Reckoner Update August 2023


This is a sad update. I literally am further behind this month than where I was last month.

🔄 Sync Updates

So there was a breaking change in peerdart version 0.5.1 which broke data exchange. This caused me to panic a bit and then review the repository documentation. I realized then that the library which I was making the core of my synchronization strategy was in an alpha status and breaking changes like this should be expected.

🤔 Evaluating options

I then took stock of what was going on and considered my options. At that time, I was still committed to using a peer-to-peer device synchronization model. Thus I looked into figuring out how to do local device synchronization. This involves the complicated process of discovering available devices and then communicating between devices.

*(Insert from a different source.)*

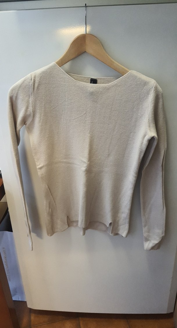 Bej renkte, keten kumaştan, uzun kollu ve yuvarlak yakalı kadın kazak. Rahat ve bol kesimli, günlük sokak stili için ideal midi boyda.

I tried using a package call network_discovery to find local devices and then camel to TCP communicate between devices. However, this comes with 2 critical drawbacks.

  1. This is limited to non-web platforms. This means that web browsers had no way to synchronize data
  2. This involves choosing some TCP port to use for communication which is prone to certain routers or firewall rules to block the traffic

The bigger of these two problems is the lack of a synchronization method for web.

🕸️ The Web Problem

I was about ready to abandon the web platform entirely. The big benefit of the web platform is that it provides a way for people on currently non-supported platforms. This means that I can encourage people on Windows, iOS, Mac, and Google Play Android devices to use the web version of the app. The implementation I had for the web platform was using sql.js which was what had the most cross-browser support when I first implemented. This implementation is fairly slow though requiring the entire database to be loaded in memory and the entire database to be written on a change.

As I was about to remove it, I checked Drift and found out that there is finally a stable version of the WASM database which is far more performant than the sql.js implementation. Thus I decided to keep the web implementation and figure out how I would enable device synchronization on web.

Ultimately, I resurrected the old PocketBase synchronization method. So now we will be supporting two methods of data synchronization: local and self-hosted.

đź”® Future of Peer-to-Peer Sync

So, there is a problem with the current local synchronization implementation; there isn’t an easy way to test this. In order to test it, it would require me to setup separate devices and then connect them. That with the drawbacks previously aforementioned, I will probably abandon local synchronization and look at re-adding web-based peer-to-peer synchronization. The biggest takeaway is to fix the versions for alpha libraries.

⏳ So How Long Till Release?

Uhhh, I don’t know 🤷. I know what I want to get done before I release this to the public. I nominally could release it now as a single device app. However, for what I personally want, the synchronization service is necessary. I wanted a peer-to-peer sync service as I don’t want to self-host anymore. With that said, the peer-to-peer library just isn’t stable enough for me to release without a stable fallback option.

What I didn’t go over was all of the personal issues going on in my life that has limited my ability to make progress on this project. The TLDR is that we had a lot of traveling vacations this month and I tried to minimize my time off by working during them. Contracting jobs aren’t in the cards for me in the future.

What’s Next

I have adjusted the task list according to what I want to do before releasing version 0.2.